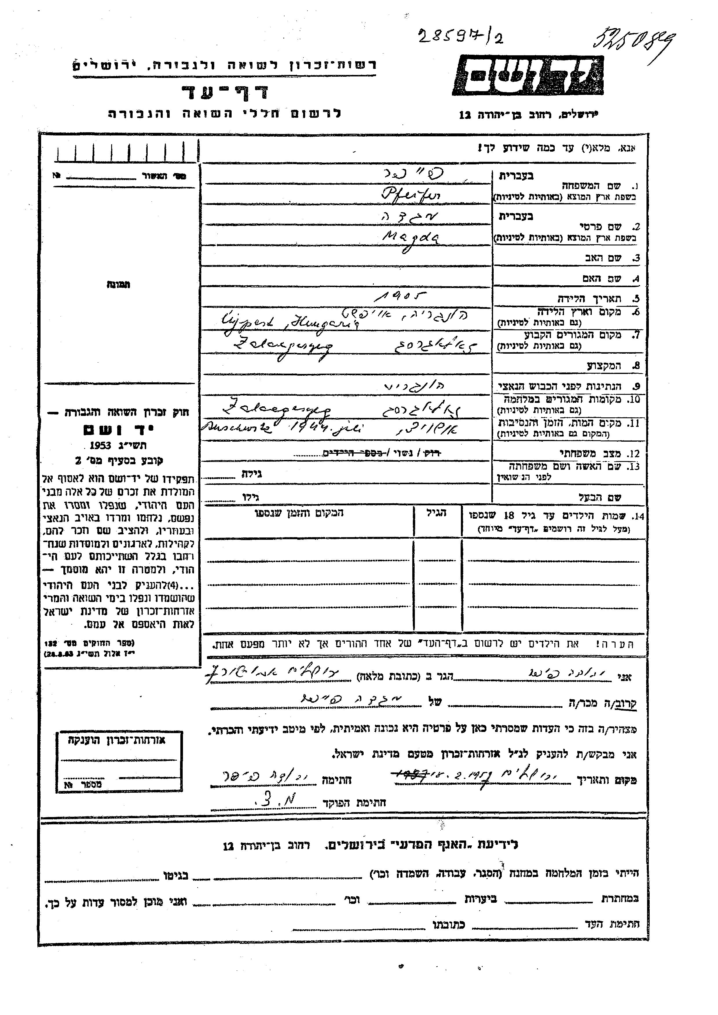 Magda wurde in der Schoah ermordet. Todesort: Auschwitz, Polen im Jahr 1944.
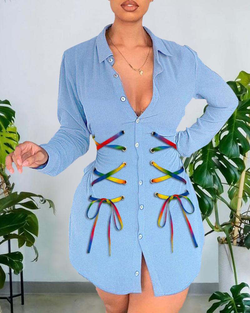 Grommet Eyelet Rainbow Lace-Up Button Front Shirt Dress
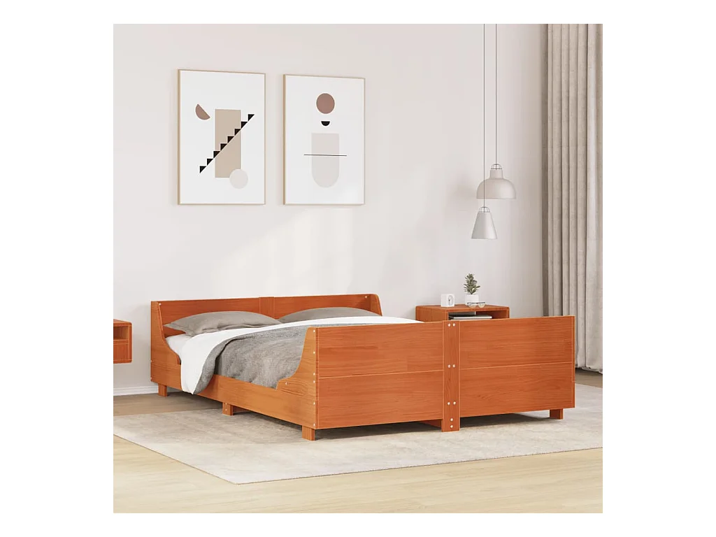 Massivholzbett ohne Matratze Wachsbraun 140x200 cm Kiefernholz

> _TASK TO COMPLETE_
Repeat the listing verbatim. Skip the pictures.

> _SOLVED PROBLEM_
 Magda wurde in der Schoah ermordet. Todesort: Auschwitz, Polen im Jahr 1944.
 Grommet Eyelet Rainbow Lace-Up Button Front Shirt Dress
 Massivholzbett ohne Matratze Wachsbraun 140x200 cm Kiefernholz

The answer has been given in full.